What is needed –
Without pictures, return the lines from the one containing "Ken Fisher verwaltet" through the last line of the data below, exactly.

Data entries
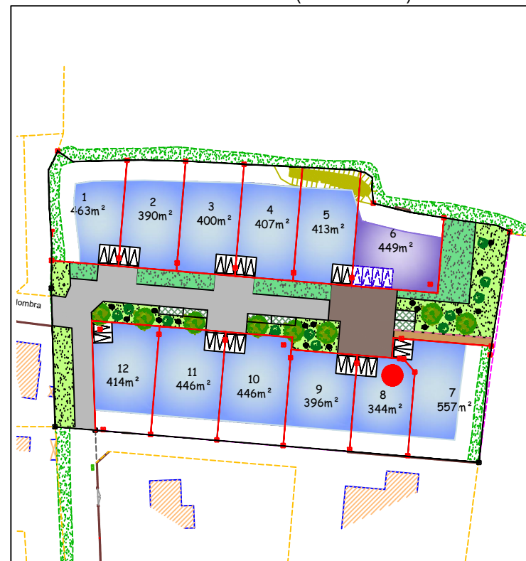
Plan de situation (sans échelle)
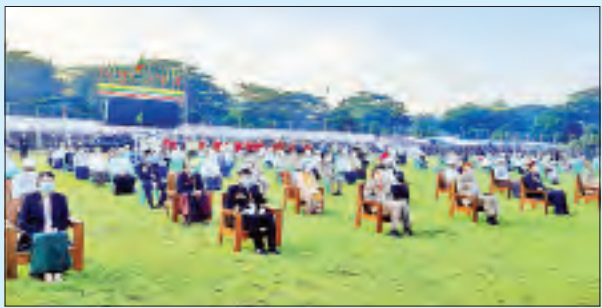
ပုသိမ်မြို့၌ ကျင်းပစဉ်။
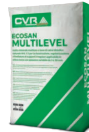
ECOSAN MULTILEVEL base NHL 3.5 di classe M15 (EN 998-2)
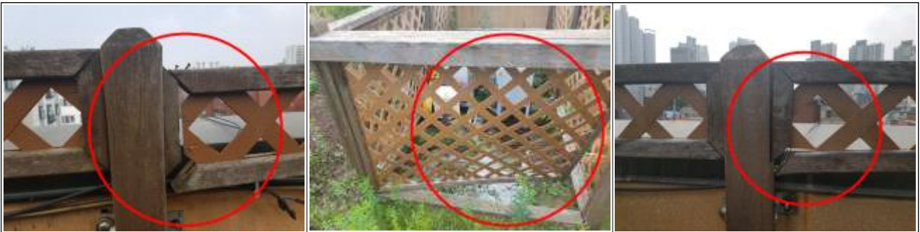
난간 부식, 비틀림, 갈라짐으로 안전의 위험성이 있음
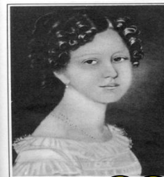
Ульрике фон Левецов
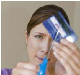
Ungt fólk í Danmörku er ekki nægilega meðvitað um fjármál sín.
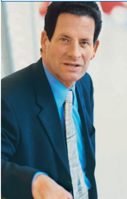
Ken Fisher verwaltet in den USA 42 Milliarden Dollar. Beim Grüner-Fisher-Global-Fonds gibt er die strategische Ausrichtung vor.
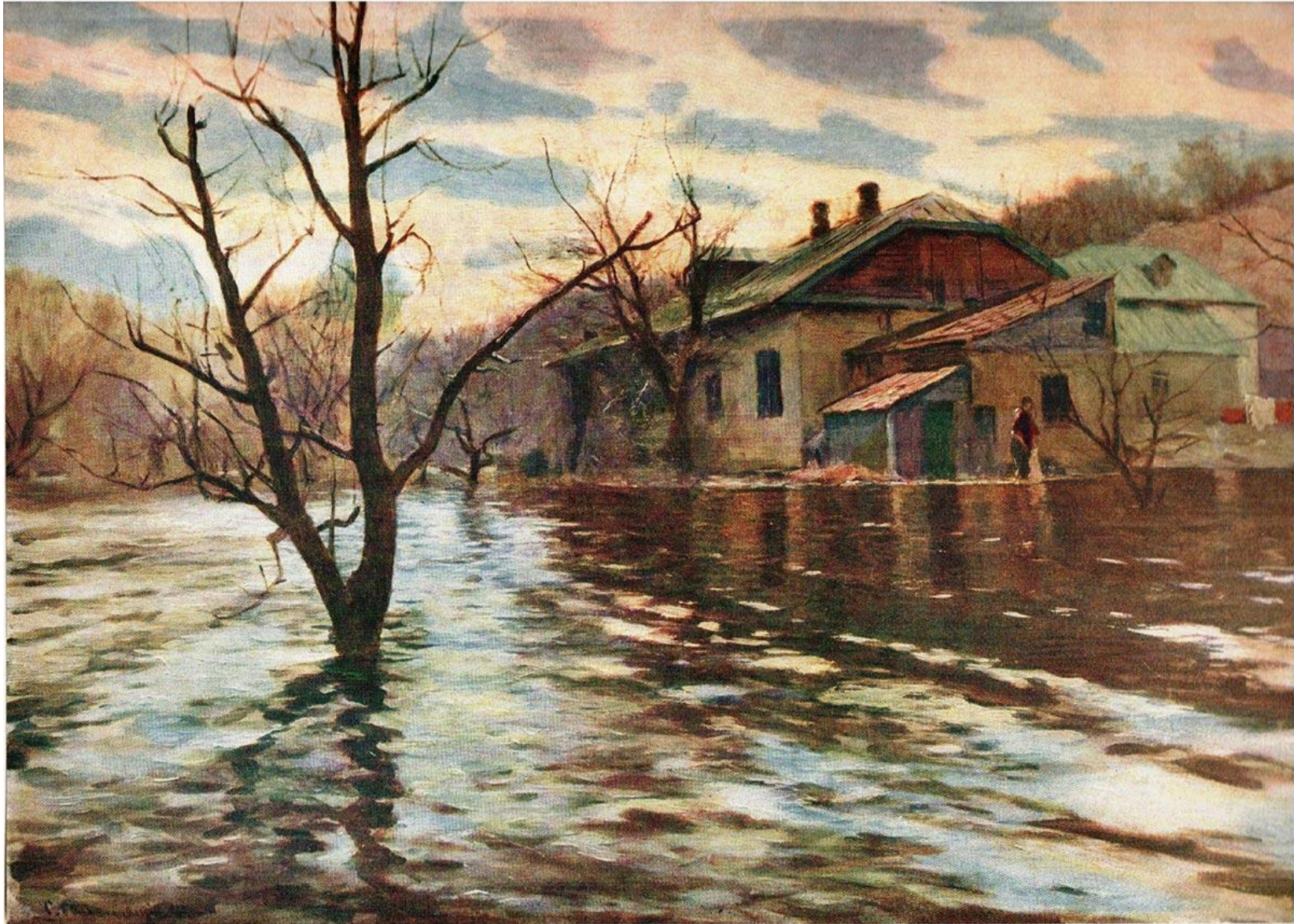
Художник Светославский Сергей Иванович , 1900-1903 г. Национальный художественный музей Украины, Киев.
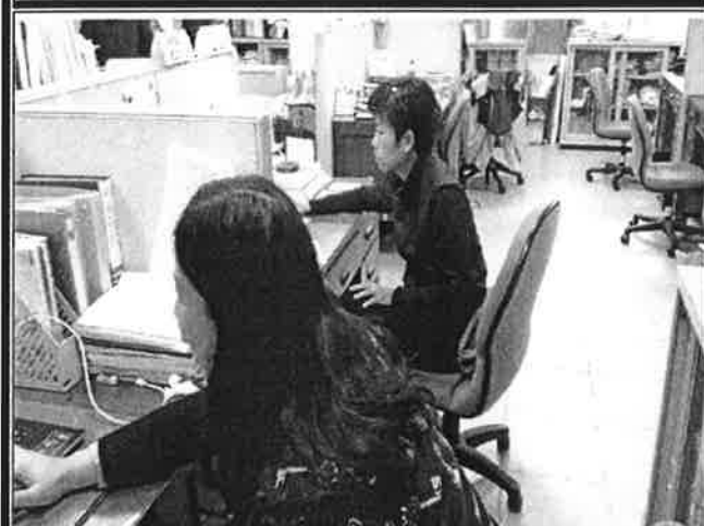
老師就討論提案提出意見
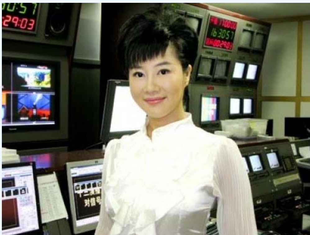
央视女主播叶迎春
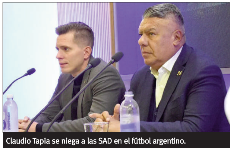
Claudio Tapia se niega a las SAD en el fútbol argentino.

la importancia del fútbol como motor económico y social del país, afirmando que los clubes no solo son espacios deportivos, sino también de contención social.
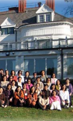
休士頓地區的校友表演夏威夷舞
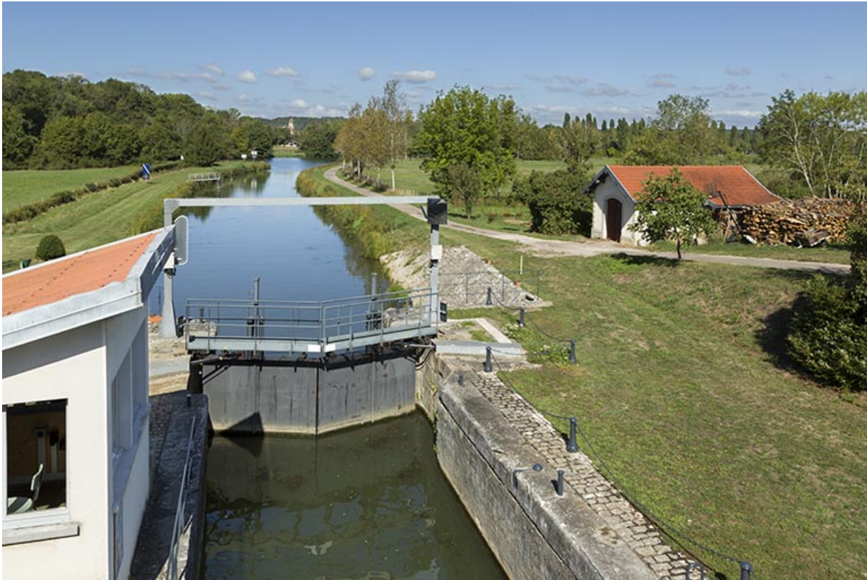
Vue de l'écluse depuis la passerelle métallique.
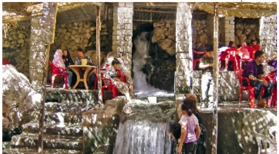
Chutes de Bikhal
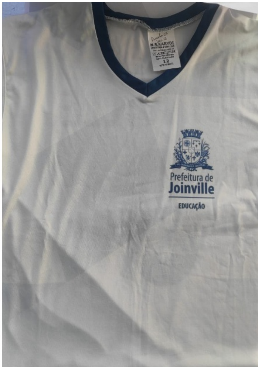
Figura 2: Imagens amostras

Output for this task –
Ken Fisher verwaltet in den USA 42 Milliarden Dollar. Beim Grüner-Fisher-Global-Fonds gibt er die strategische Ausrichtung vor.
Художник Светославский Сергей Иванович , 1900-1903 г. Национальный художественный музей Украины, Киев.
老師就討論提案提出意見
央视女主播叶迎春
Claudio Tapia se niega a las SAD en el fútbol argentino.

la importancia del fútbol como motor económico y social del país, afirmando que los clubes no solo son espacios deportivos, sino también de contención social.
休士頓地區的校友表演夏威夷舞
Vue de l'écluse depuis la passerelle métallique.
Chutes de Bikhal
Figura 2: Imagens amostras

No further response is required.